Deep Album Cuts Vol. 1: Brandy





















I've always made mixtapes with nerdy specific themes, first on cassette as a teenager, then mix CDs, and no Spotify playlists. And I got the idea last year to do mixes of 'deep cuts' -- album tracks that were never singles or hits in any other sense -- from artists who are largely known for their hits. It's become a subject of fascination for me, how some artists can be incredibly famous, and even relatively respected for their work, sell millions of albums, and yet their musical legacy is tied up almost solely in the charting singles. It's not just 'one hit wonders.' So Madonna, or perhaps Tom Petty or Missy Elliott would be a good fit for this series; but not David Bowie or Bruce Springsteen or Jay-Z, guys who have hits but are also revered as album artists with widely loved deep cuts (as you may detect, gender could be a factor here). 

So I was already planning to start this series in early 2013 when there was a mild controversy on the internet last weekend in which Solange Knowles went off on Twitter about music critics writing about R&B without really loving or understanding the genre. The line that really caught on, and created a minor meme, was "you really should know about deep Brandy album cuts before you are giving a 'grade' or a 'score' to any R&B artist," which perhaps struck people as funny because Brandy is not considered a major canonical act, though I imagine that was precisely Solange's point. 

Most of my previous experience with Brandy deep cuts was with 2004's Afrodisiac and last year's Two Eleven.
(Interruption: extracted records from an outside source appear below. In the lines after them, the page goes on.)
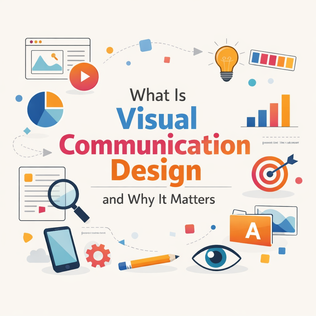 Visual communication design means arranging visual elements in a way that feels clear and natural. It focuses on how information is shown, not just what is said.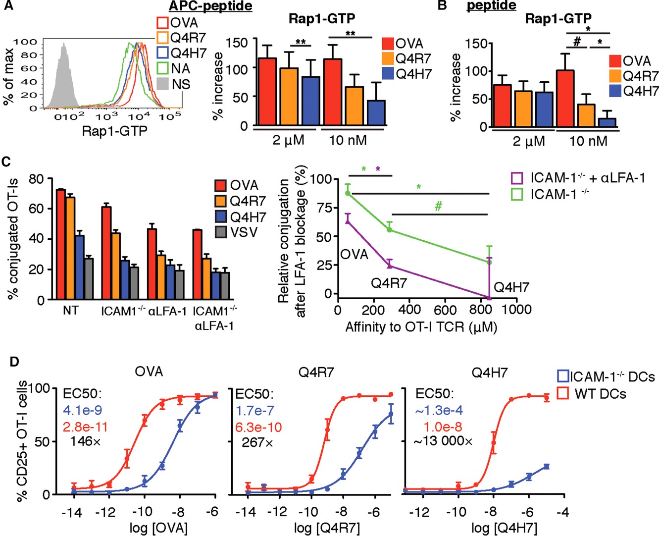 Signaling induced by low-affinity antigens is relatively more dependent on LFA-1 in comparison to high-affinity antigens. (A) DDAO+ OT-I T cells were activated by mixing with WT splenocytes preloaded with 2 μM or 10 nM peptide for 2 h. (B) OT-I T cells (5 × 106 /mL) were activated by addition of 2 μM or 10 nM peptide for 90 min. (A and B) The level of GTP-bound Rap1 was analyzed by flow cytometry. Statistical significance was calculated using onetailed paired t-test; data are shown as mean+SEM from single samples pooled from n = 3 (A) or n = 5 (B) independent experiments. (C) CFSE+ OT-I T cells were mixed with DDAO+ WT or ICAM-1−/− splenocytes preloaded with a particular antigenic peptide (1 μM) in the presence or absence of 10 μg/mL anti-LFA-1 antibody. The percentage of T cells conjugated with APCs was determined by flow cytometry (left). Data shown as mean + SEM of single samples pooled from n = 3 independent experiments. The relative level of conjugation under LFA-1 blockage was calculated as a ratio (%conjugated cognate peptide LFA-1 blockage – % conjugated VSV control LFA-1 blockage) / (%conjugated cognate peptide untreated – % conjugated VSV control untreated) and plotted versus the antigen affinity (right) 4. Data shown as mean + SEM. Statistical significance was calculated using two-tailed paired t-test. (D) OT-I cells were activated with antigen pulsed BMDCs cells overnight. The percentage of CD25+ cells from CD8+ cells is shown. Data shown as mean ± SEM from single samples pooled from n = 4 independent experiments. EC50 for WT (red) and ICAM-1−/− DCs (blue) as well as their ratio (black) is shown. #p<0.1, *p<0.05, **p<0.01.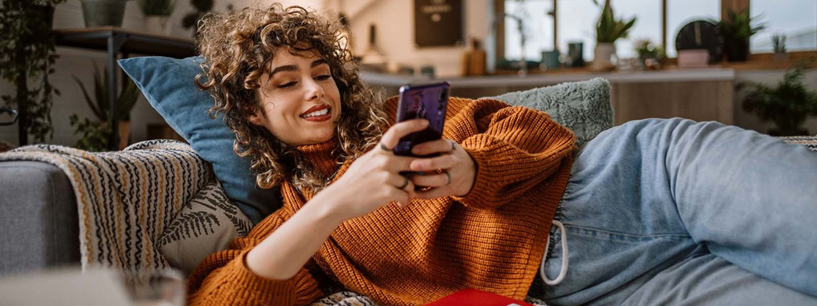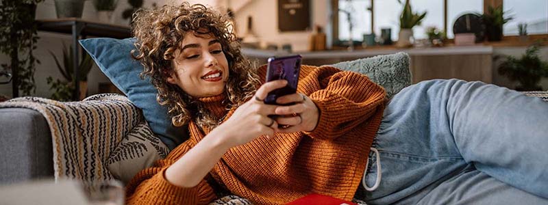 Mujer generación z utilizando su teléfono Mujer acostada en un sillón usando el celular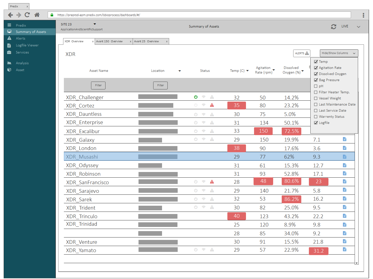 We created a fully customizable dashboard to monitor multiple bioreactors in real time. Since the manufacturing process is still relatively new, scientists are constantly experimenting to further improve the process. This table allows users to quickly hide or show whatever data is most useful for their process as well as quickly alerting them to any potential problems which can be fatal.

When I wrote about the latter here a couple months ago, I even admitted "I've always taken Brandy for granted." So I combed through the dozens of non-hits on Brandy's six albums, and came up with her greatest misses as a Spotify playlist

Deep Album Cuts Vol. 1: Brandy

1. Necessary
2. Movin' On 
3. Angel In Disguise featuring Joe
4. So Sick
5. All In Me
6. Warm It Up (With Love)
7. Learn The Hard Way
8. Always On My Mind
9. A Cappella (Something's Missing)
10. Paint This House
11. Where You Wanna Be featuring T.I.
12. Happy
13. When You Touch Me
14. Like This
15. Say You Will
16. Do You Know What You Have
17. Put That On Everything
18. Give Me You

Tracks 2, 8 and 18 from  Brandy (1994)
Tracks 3, 7, 12 and 17 from Never Say Never (1998)
Tracks 5, 13 and 14 from Full Moon (2002)
Tracks 1, 11 and 15 from Afrodisiac (2004)
Tracks 6 and 9 from Human (2008)
Tracks 4, 10 and 16 from Two Eleven (2012)
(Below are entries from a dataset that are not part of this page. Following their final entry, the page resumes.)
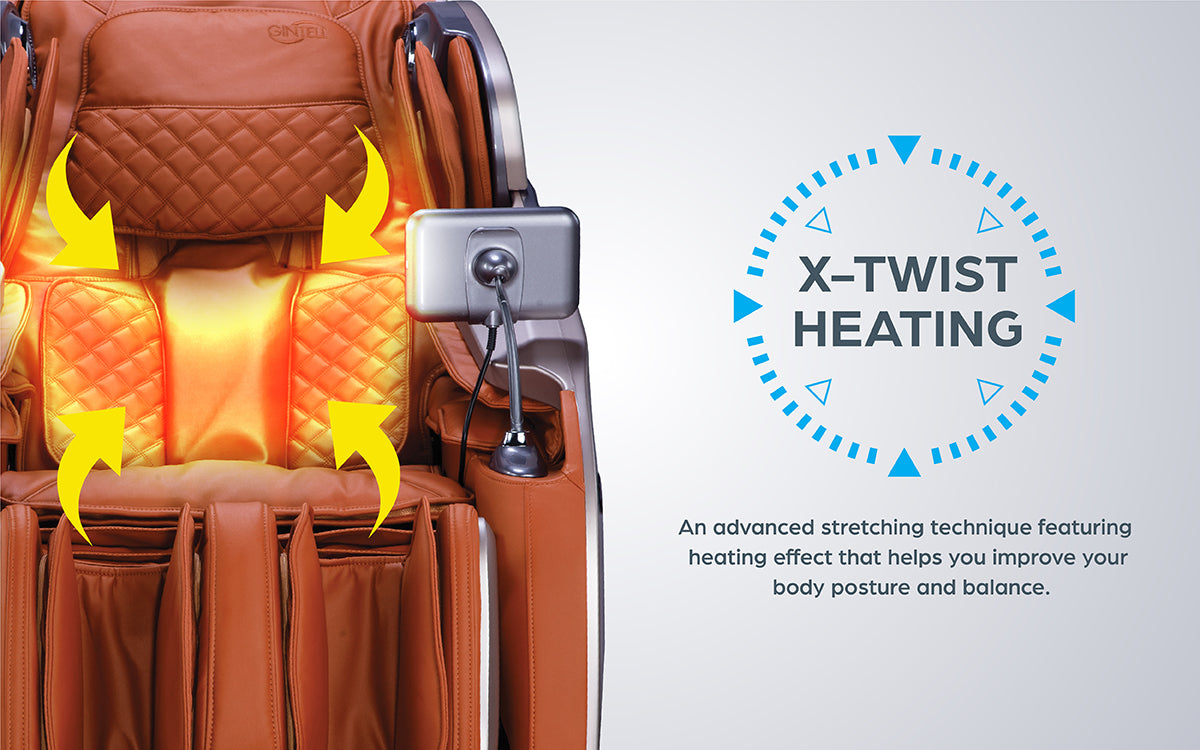 Airbag system that releases heat on the lower back and calves to help relax, soothe muscles and heal damaged tissue as it enables better blood circulation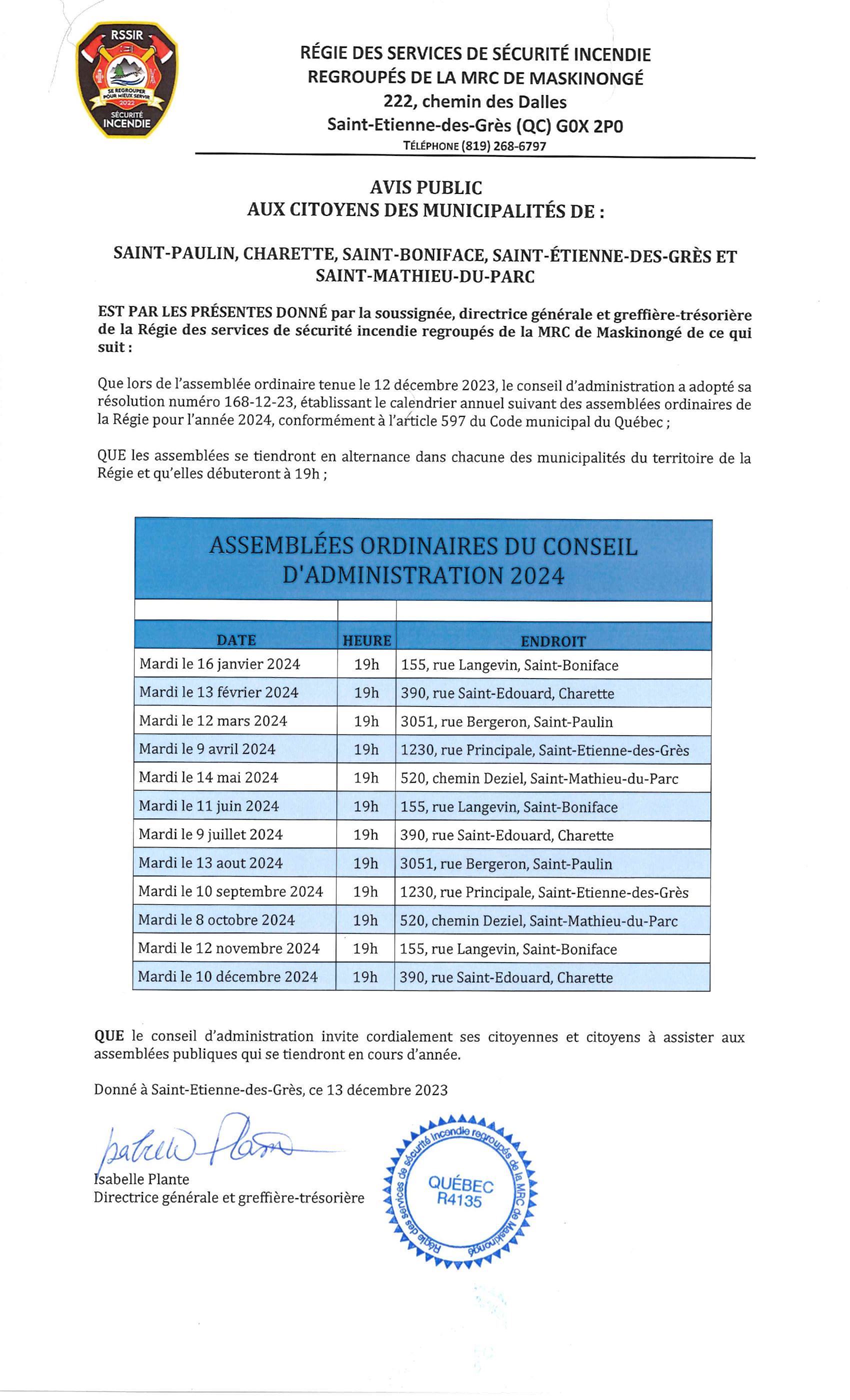 Assemblée ordinaire - Régie des services de sécurité incendie regroupés de la MRC de Maskinongé
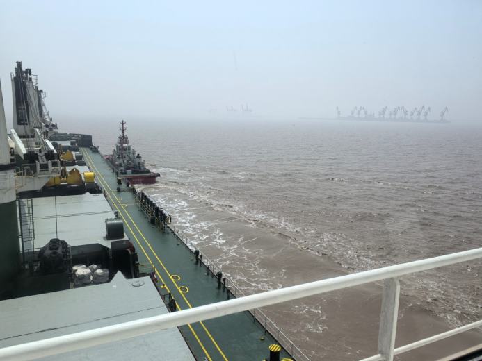 登輪后,引航員迅速通報能見度態(tài)勢,立即啟動應(yīng)急處置流程。指令船舶開啟自動霧號、強化雷達(dá)值守精度、增派專職瞭望人員、播發(fā)航行警報,全程嚴(yán)密監(jiān)測周邊通航環(huán)境。依托豐富的大型船舶引航經(jīng)驗,引航員精準(zhǔn)捕捉短暫的能見度“窗口期”,沉著應(yīng)對西南風(fēng)5級、湍急水流及船舶大吃水等多重考驗,精準(zhǔn)操控船舶轉(zhuǎn)向、調(diào)速,確保航行軌跡始終可控。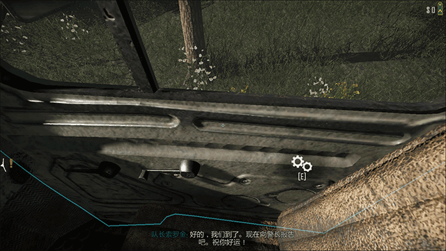 5、到达边境哨站后,玩家就可以在这里点击“E”键来打开车门下车了;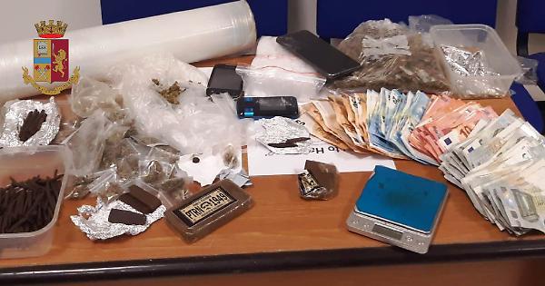 Dopo aver individuato due acquirenti in possesso di droga, i poliziotti hanno effettuato un'irruzione nell'immobile, al cui interno hanno trovato quattro avventori intenti a consumare bevande, risultati successivamente estranei ai fatti, e il 32enne, poi arrestato, che alla vista dei poliziotti ha tentato di scappare ma è stato bloccato. In un marsupio in suo possesso sono state trovate 4 dosi di hashish, 6 dosi di marijuana e la somma di 85 euro in banconote di vario taglio, ritenuta provento di pregresse vendite di stupefacenti.

I should note, by the way, that her biggest album, 1998's Never Say Never, is not on Spotify, so the four songs from that album are not in the playlist. Brandy is not a world class singer, but she's always had a unique, almost raspy tone, which I've often been reminded of in one of my favorite newer artists in R&B, Dawn Richard, formerly of Diddy-Dirty Money. During those "The Boy Is Mine" days, though, I always made a point of much preferring Monica's voice, and over the years I've remained something of a Monica partisan as she's built up a more consistent catalog. 
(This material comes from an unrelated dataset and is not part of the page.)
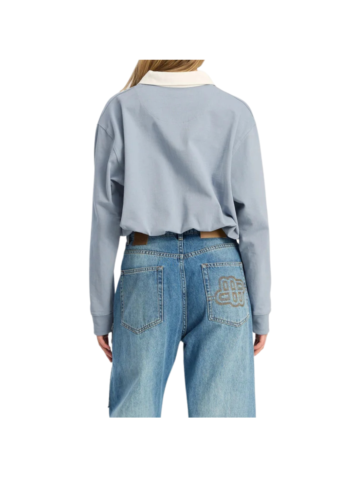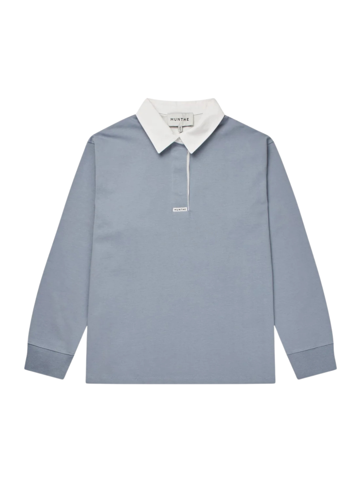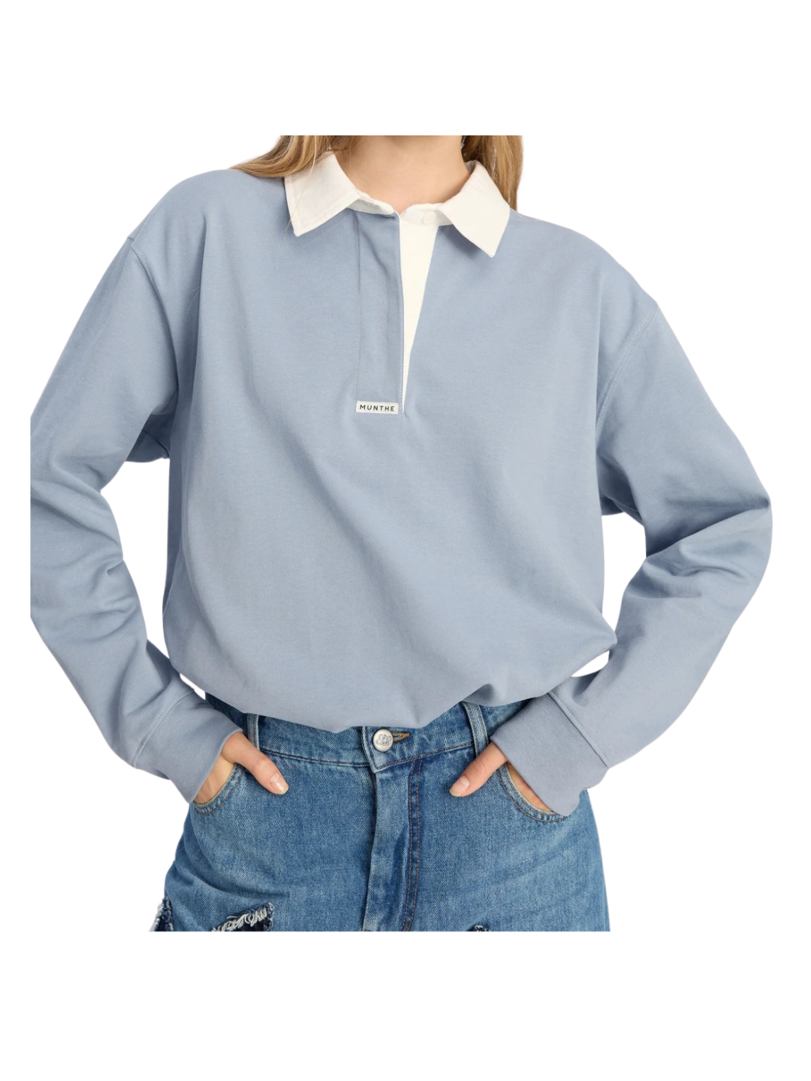 En lyseblå bluse fra Munthe med et enkelt og sofistikeret udtryk. Blusen har lange ærmer, en klassisk hvid krave og en kort stolpelukning foran, der skaber en fin kontrast. Det rene design gør den nem at style til både hverdag og mere formelle looks.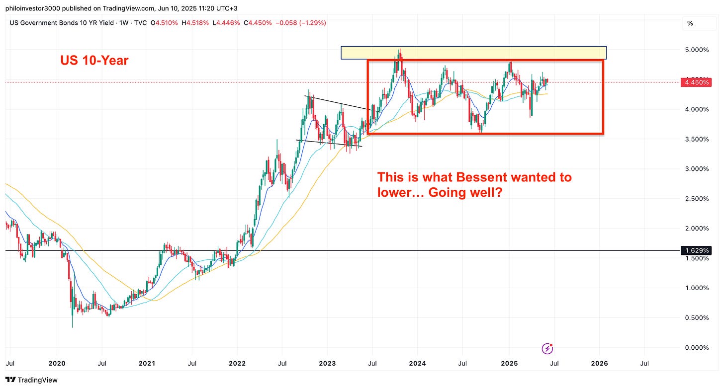 Half the Trump 2.0 plan was to reduce the cost of the monstrous debt — and start to make it sustainable again.. But it was all empty rhetoric. Luckily for the Treasury, the yield is still below 5%.. For now. Deficit this year expected to be $2 trillion..

Part of what's always kept Brandy at arm's length for me is the presence of Rodney Jerkins, one of the biggest and blandest producers in modern R&B, who helmed the bulk of three of her albums -- can you blame anyone for being more interested in Aaliyah when she had all those Timbaland tracks? Of course, Brandy did switch horses for 2004's Afrodisiac, making an album with Timbo right at his creative nadir (it speaks volumes that when Kanye West swooped in to do 2 songs at the last minute, he ended up with the lead single as well as the best deep cut, "Where You Wanna Be"). The Organized Noize production, "Necessary," easily outdoes every Tim song on the album. By comparison, Two Eleven is a far more confident and successful foray outside of Darkchild territory, with producers like Mike Will Made It and Bangladesh bringing her sound up to date in a way that she's never quite been able to do her whole career -- even when she was a huge hitmaker, there was a little bit of a sense that she was a family-friendly TV star, not really at the forefront. 

But making this mix also made me take a good long second look at Rodney Jerkins, as well as the team that wrote and produced Brandy's 1994 self-titled debut, including Keith Crouch and Somethin' For The People. Jerkins deserves some credit for classic singles like "What About Us?" and "The Boy Is Mine," there's just a lot of really workmanlike, unexceptional stuff cluttering up his discography. Still, his work was at times more ambitious than I've given him credit for, especially on Full Moon, even if it hasn't all aged particularly well. One wonders if Brandy would have had a more interesting career if she'd acted less, or worked with more producers earlier, but the songs here represent a better catalog than I would've assumed. That Brandy has managed her biggest radio hit in a decade recently, even if she got a lot of help from that awful Chris Brown guest spot, is a testament to both her resilience and the adaptability of her voice.